Доктор удивленно воззрился на умирающего:
– Дорогой маркиз, вы ведь уже не спите. Очнитесь!
Сад горько усмехнулся:
– Теперь мне кажется, что вся моя жизнь – сон. И скоро сон жизни перейдет в сон вечный. А если это так, разве я могу проснуться? Даже для того, чтобы встретить свой конец? Теперь я вижу, как был самонадеян тогда, в дни своей молодости, когда писал о некоем умирающем, отринувшем ложные проповеди обманщика в рясе – священника, пришедшего причастить и исповедовать его и вместо этого встретившего смерть в сладострастных объятиях нескольких специально приглашенных для этого гурий! Тогда я думал: вот достойный конец! – но разве то, о чем я писал, ныне в моих силах, в силах умирающего Донасьена де Сада? Что с вами, доктор? Кажется, вы недовольны словами человека, находящегося на краю могилы? Вы, наверное, ждали других слов… Я кажусь вам чудовищем?…
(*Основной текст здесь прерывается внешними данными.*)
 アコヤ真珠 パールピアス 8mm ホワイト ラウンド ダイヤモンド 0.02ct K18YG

– Вы кажетесь мне больным, – сухо ответил доктор.
– Больным? То есть умалишенным? Пусть так. Но кто сделал меня таковым? Не вы ли, добропорядочные граждане, посадившие больного под замок на целые десятилетия? Вот уже скоро будет двенадцать лет, да, двенадцать лет, как я нахожусь здесь, в Шарантоне. А до этого были: Венсенский замок и замок Сомюр, крепость Пьер-Ансиз и Миоланская крепость, и еще Бастилия, а еще целая цепь революционных тюрем: Мадлонетт, Сен-Лазар, Пикпюс, Бисетр, – устанешь и перечислять… Я сосчитал… двадцать девять, почти тридцать лет… Тридцать лет собственной литературной жизни я провел в четырех стенах с окнами, отделенными от настоящей жизни решетками!
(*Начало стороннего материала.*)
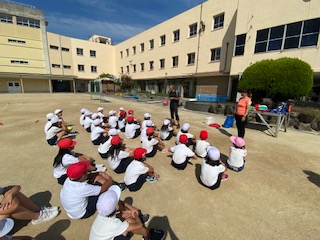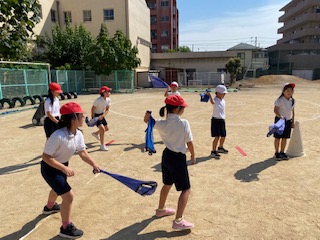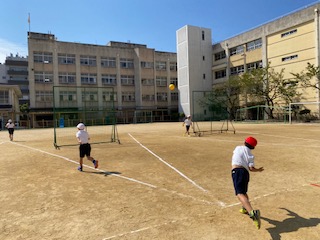 9/23、昨日の体育は講師の先生に来ていただいてボール投げ運動を行いました。

[45] А за что? Да за то же, за что посадили Матер де Латюда, за иной образ мыслей, то есть ни за что! Старая власть продержала де Латюда в Бастилии тридцать пять лет, новая после взятия крепости носила на руках, чтобы хотя бы дать старику умереть на свободе! Но мне и это не грозит, – в Венсенском замке Мирабо, сидевший там, кстати, за то же, что и я, то есть за иной образ мыслей, касающихся слабого пола, как-то сказал мне: «По тебе, де Сад, видно, что умрешь ты в крепости». Он немножко ошибся, этот самовлюбленный говорун
[46]. Куда там старому порядку с его letres de cachet, с его арестами и заключениями по одной королевской прихоти до новых человеколюбцев из третьего сословия с их перманентной гильотиной! Впрочем, и при старом порядке однажды мне уже отрубили голову, тело сожгли, а прах развеяли по ветру… заочно, конечно. А вот попади тогда в руки королевского правосудия в Эксе не мое чучело, а я сам, как вы думаете, говорил бы я сейчас с вами? А с чего все началось? То, что чуть было не довело меня до костра? Представьте себе, месье доктор, все началось со скуки. Нам было абсолютно нечего делать – потомкам древнего провансальского дворянства, еще не окончательно разорившимся; вот мы и баловали себя, чем только могли… Вы так ничего и не скажете, месье Рамон?
– Дорогой маркиз, я все это уже слышал от вас и не по одному разу, – ответил доктор, кривя губы.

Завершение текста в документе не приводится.